FalconStor is a data management software company based in Austin, Texas.

History 
FalconStor was co-founded in 2000 in New York by Computer Associates veterans ReiJane Huai and Wayne Lam. In 2007 the company started a joint-venture with the Chinese Academy of Sciences for the Blue Whale file system.
The joint venture was named Tianjin Zhongke Blue Whale Information Technologies Company, located in Tianjin, China. FalconStor was listed at #5 in the Forbes 2008 list of 25 fastest growing technology companies. In August 2009, FalconStor, in a  joint-venture with Nexsan to create the co-branded DeDupe SG. In 2011 CRN added FalconStor to their List of 25 “Need to Know: Storage Vendors”.

In 2012, the company agreed to pay $5.8 US million as part as a federal investigation settlement, after it has admitted that its employees gave more than $300,000 in bribes to executives at JPMorgan Chase with restricted stock shares and golf memberships in exchange for contracts. The company was further charged with falsifying its corporate books and records associated with the bribery.

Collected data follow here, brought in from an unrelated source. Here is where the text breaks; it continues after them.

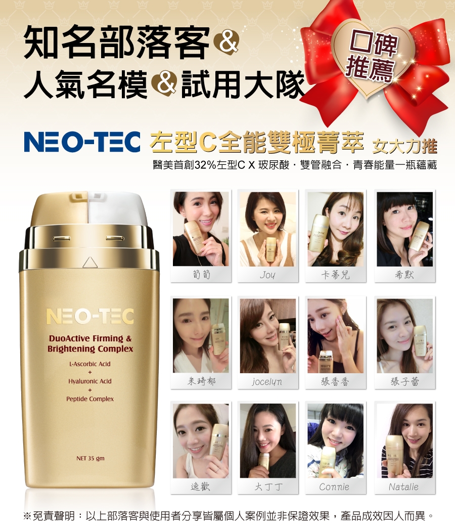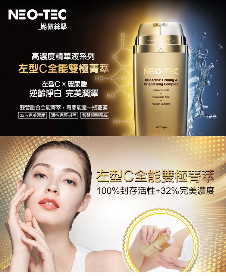 - 創新世代左型維他命C具32%完美濃度,活性完整封存,雙管融合全能菁萃直達肌底,實現深度抗皺、全面緊緻、迅速淨白功效。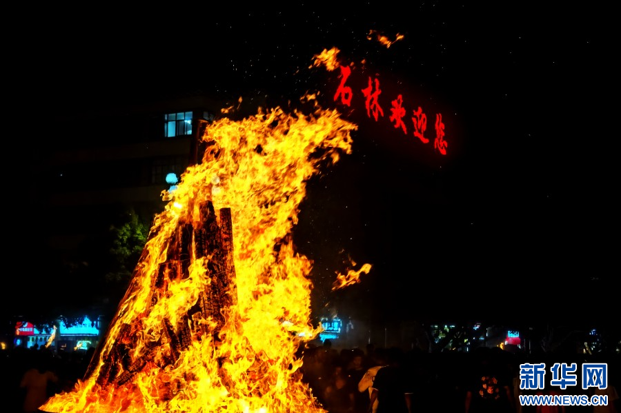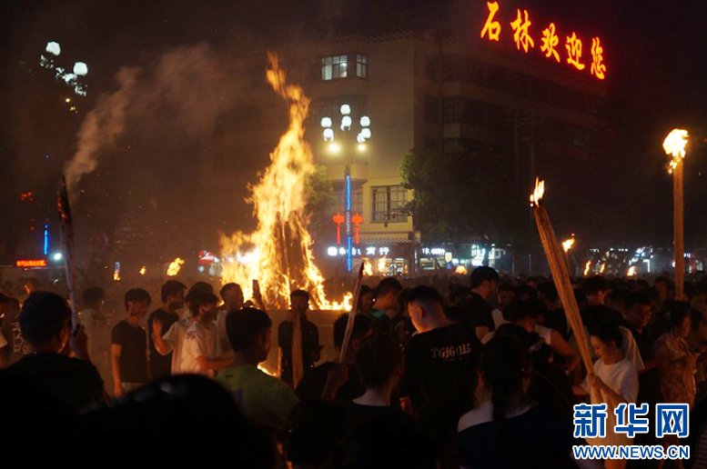 石林火把节现场(7月18日摄)。新华网 赵普凡 摄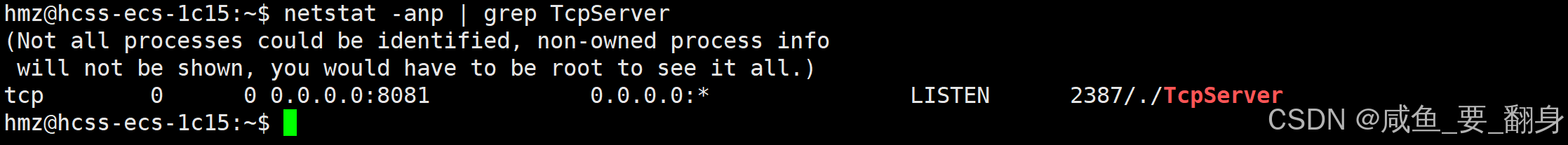 此时我们再开一个新的终端窗口使用netstat命令来查看网络连接状态,如下: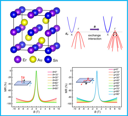 近期,国际材料科学著名期刊《Advanced Functional Materials》在线发表了我校电子与信息工程学院/集成电路学院王文洪教授团队完成的反铁磁性量子材料巨大磁阻效应的研究成果。该研究通过协同调控材料磁结构-能带结构的策略,首次在反铁磁性half-Heusler合金ErAuSn单晶中获得巨大磁阻效应(Large Negative Magnetoresistance and Quantum Oscillation in a Field-Induced Weyl Semimetal ErAuSn, Adv. Funct. Mater. 2025, 2505276)。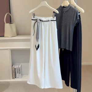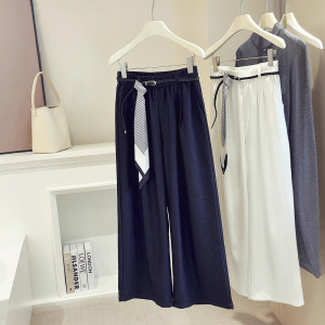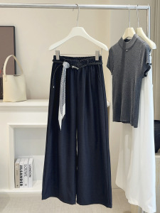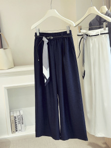 高腰垂感休闲阔腿裤女2025秋季新款宽松显瘦条纹休闲直筒裤A6278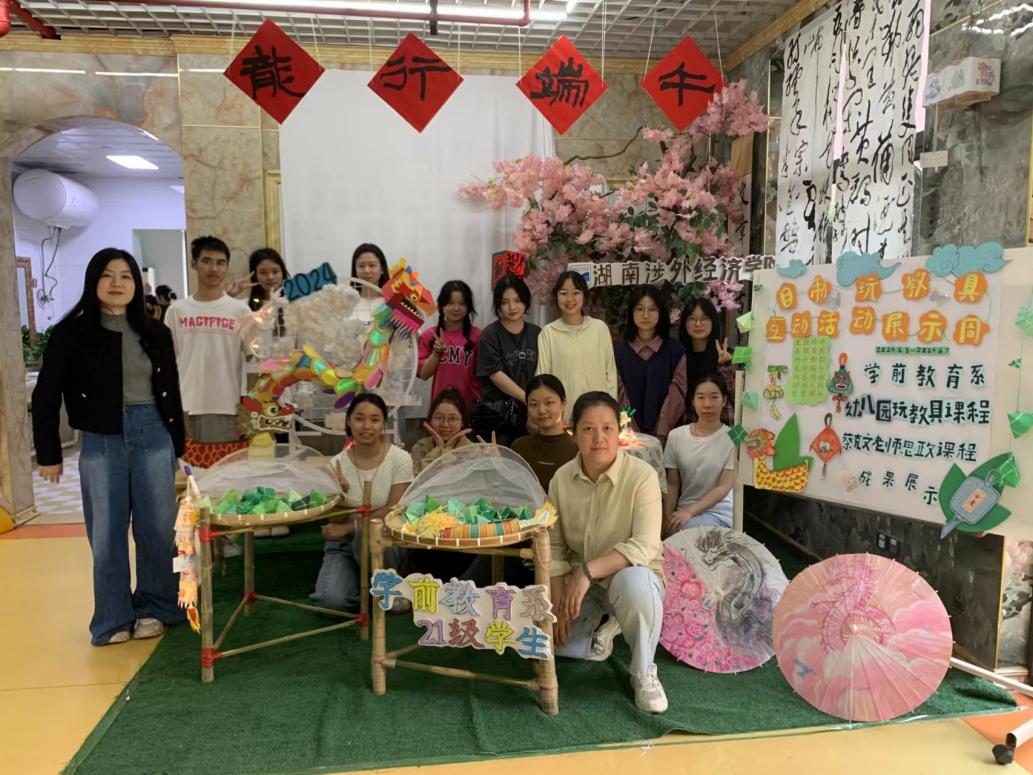 在音乐学院一楼音乐大厅,分不同区域展示着幼儿园玩教具课程的教学内容主题,包括个人作品展示如龙纹再造玩教具作品、方言童谣玩教具,也有实现幼儿园一日活动、体现夏季节气及融入湖湘文化的系列玩教具的小组作品展示。学生的众多作品形态新颖、色彩丰富、材料独特、手工精巧,结合专业需求和实用技术,从多元化视角展现着新时代大学生的专业素养和思政风采,受到了现场师生的充分肯定。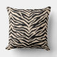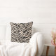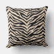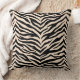 This throw pillow is shown in a exotic animal zebra print design in colours of black and a light beige.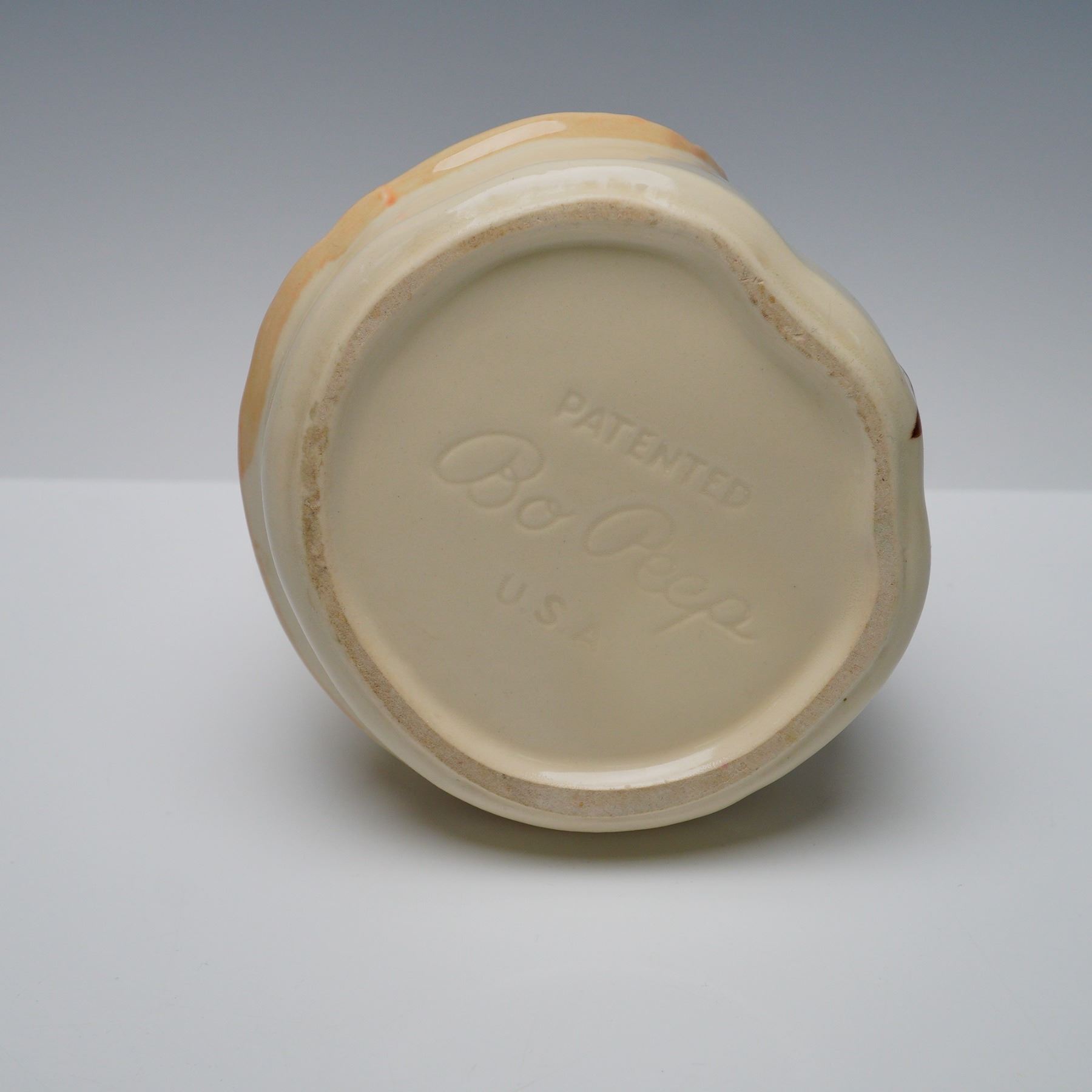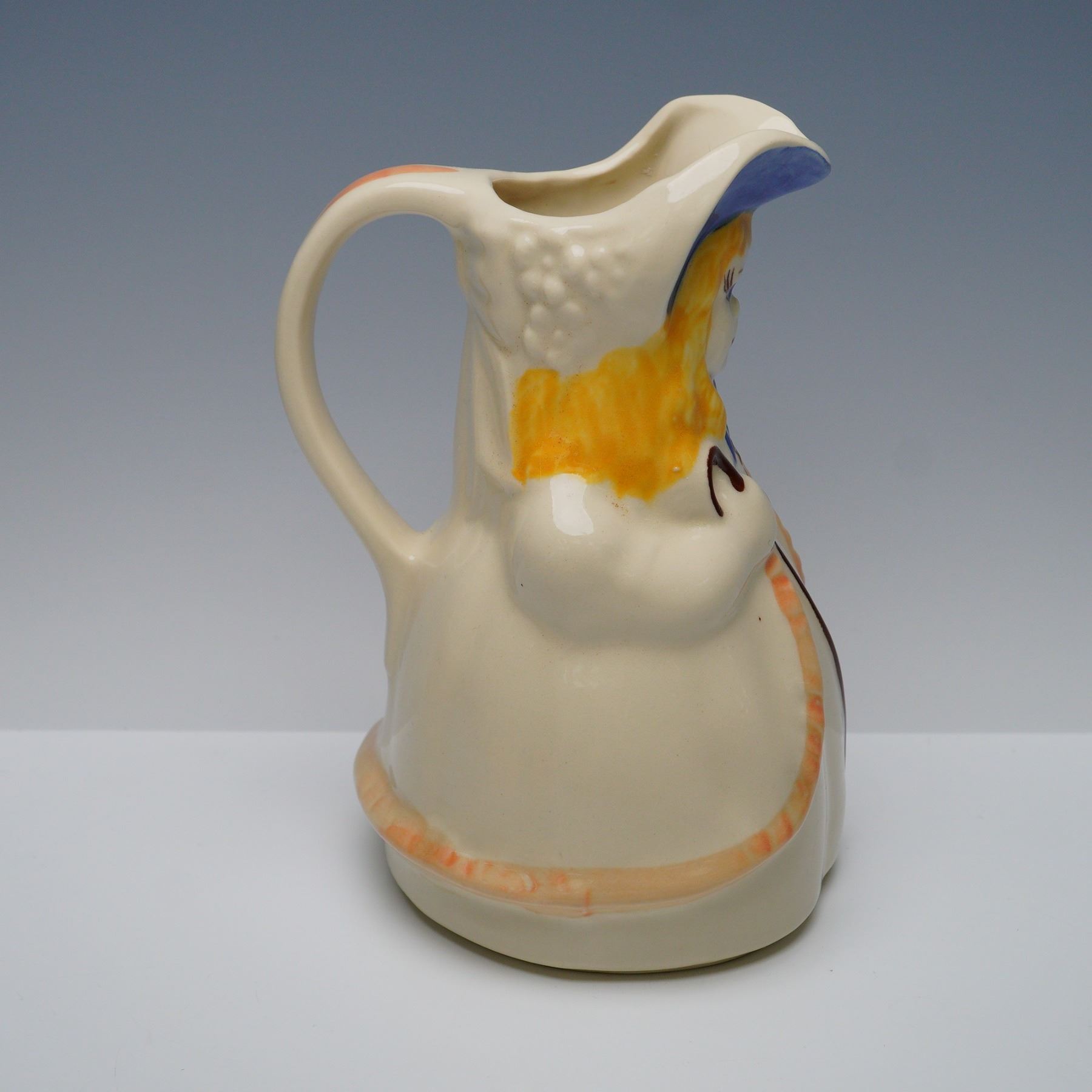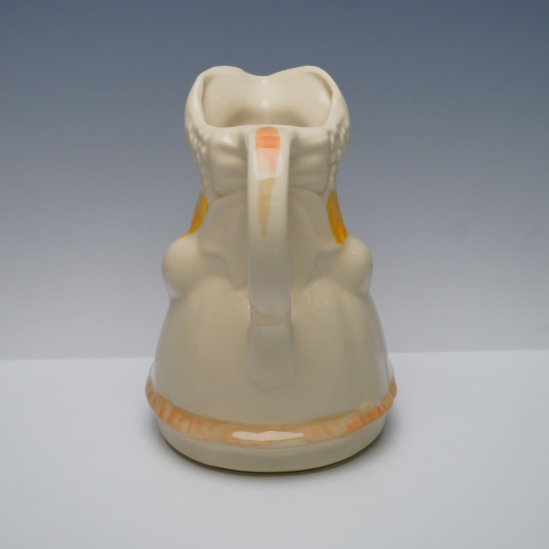 Charming figural milk pitcher by Shawnee Pottery, dating circa 1940s, depicting Little Bo Peep in a hand-painted ceramic design. Features include her wide blue hat, blonde curls, floral accents, and a curved handle integrated into her bonnet. The base is marked Patented Bo Peep U.S.A. A delightful and collectible piece of American kitchenware from the mid-20th century, prized for its whimsical form and vintage charm.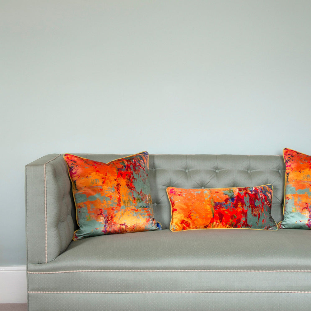 This beautiful abstract design is part of our Grey Stucco collection and illustrates perfectly the mark of the artist. The design is a section of one of Susi's abstract paintings and showcases perfectly a microcosm of a larger work. With its asymmetric design this luxurious oblong cushion is truly 'Art for the sofa'...add this to your cushion arrangement on your sofa to add depth and height.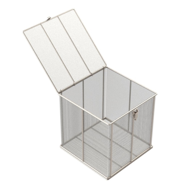 Rectangular Medium Duty Basket: 12in. L x 12in. W x 12in. H approx. outside dimensions of mesh lined area. Perfect for Parts Washing, Ultrasonic Cleaning, Vapor Degreasing, Sifting, Straining, and Material Handling. Strong 1/4in. Dia. Rod Frame with all joints TIG welded for strength, Hinged Lid with Compression Latch, No Handles. Lined with 4 Mesh x 0.063in. Woven Wire 4 wires per inch, 0.187in. Openings, 56% Open Area. Mesh fully resistance welded into the frame and ground smooth, . 304 Stainless Steel, Clean Natural Finish. Approximate Load Capacity: 65 lbs.. Estimated Basket Weight: 10.8 lbs.

On September 25, 2017, FalconStor was delisted from Nasdaq Capital Market. The company's stock is traded on OTC Markets Group Inc.’s OTCQB Venture Market.

In June 2020, FalconStor partners with Hitachi Content Platform (HCP) to provide end-to - end data management and backup solutions.

Personnel 
On August 17, 2017, FalconStor appointed Todd Brooks as CEO. Previously, he served as COO of ESW Capital companies Aurea Software and Trilogy.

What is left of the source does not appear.